Ah, a bit of a tricky problem!

Astan Chee wrote:
> Sorry, my mistake. Here is the code that I've worked on. What I mean to 
> say is that I can select them and group them to move, but I cant ungroup 
> them or move them individually unless I manually select it.

When do you want them ungrouped? Right after moving?

Anyway, you should be able to remove the Group from the Canvas:

self.Canvas.RemoveObject(G)


>> Using this, I found that I have problems binding the selected objects 
>> to be moved or unbind them and select new ones (dynamic binding or 
>> unbinding).

Yeah, I don't think unbinding is really robust -- it needs to be. In 
general, the Event binding code needs to be refactoring -- more put in 
the draw objects, less in the Canvas -- I think that would make dynamic 
binding/unbinding easier.

Suggestions (and code!) welcome!.

But did you try:

DrawObject.UnBindAll()

You might not want to unbind all (and it might not work quite anyway), 
but you could re-bind the ones you want.

>> Also I took the selectionbox code from the floatcanvas.GUI but since 
>> the events doubled up on each other, I included it directly. Im not 
>> sure how to handle events that double up on each other

That's a bit of a problem. I really don't want a lot of if..elf.. blocks 
in the code -- it just doesn't feel clean.
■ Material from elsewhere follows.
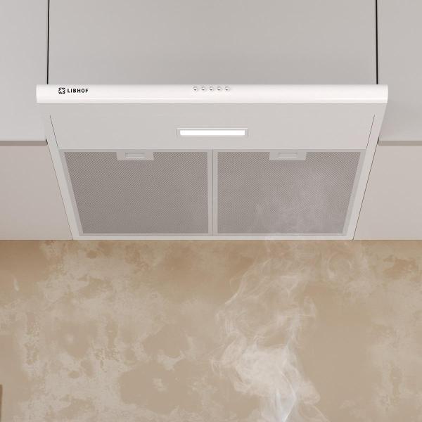 Плоская вытяжка Libhof LF-2550 White обладает габаритами 100x495x495 мм и может работать в двух режимах: отвод воздуха и рециркуляция. Если на кухне есть возможность подключения к вентиляционной шахте, устройство будет удалять загрязненный воздух наружу. Если такой возможности нет, система рециркуляции очистит воздух через фильтры и выпустит обратно уже свежим. Производительность достигает 390 м3/ч в режиме отвода — устройство быстро справляться с чадом, запахами и продуктами горения, охватывая площадь до 14 м².

I'm working on solving this with GUIModes -- the idea is that you have a 
bunch of GUIModes, and each one defines what needs to happen with all 
the mouse events. One mode for selecting objects, one for moving, one 
for zooming+panning, etc.

That's how the current core FloatCanvas code is working now, but all my 
demos pre-date that, and don't use it really for user code.

Take a look at Tests/EditingModes in SVN to see where I'm going

>> and my 
>> implementation to select is rather crude since I dont know how to get 
>> a position of an object in drawcanvas.

Well, it depends on how you define position, but I think what you want is

DrawObject.BoundingBox

every DrawObject should have one. It's a BBox object (defined in 
FloatCanvas.Utilities.BBox ) It has methods like:

BBox.Overlaps(OtherBBox) and BBox.Inside(OtherBBox) that should be helpful.

One of these days, I'd like to use a spatial index, like a quadtree or 
Btree for this kind of thing -- but who knows when!

>> Also, Chris I think you 
>> mentioned that .AddObject returns the reference to the drawobject 
>> being added, it seems that it only returns the condition if it added 
>> the object or not (i.e. true or false).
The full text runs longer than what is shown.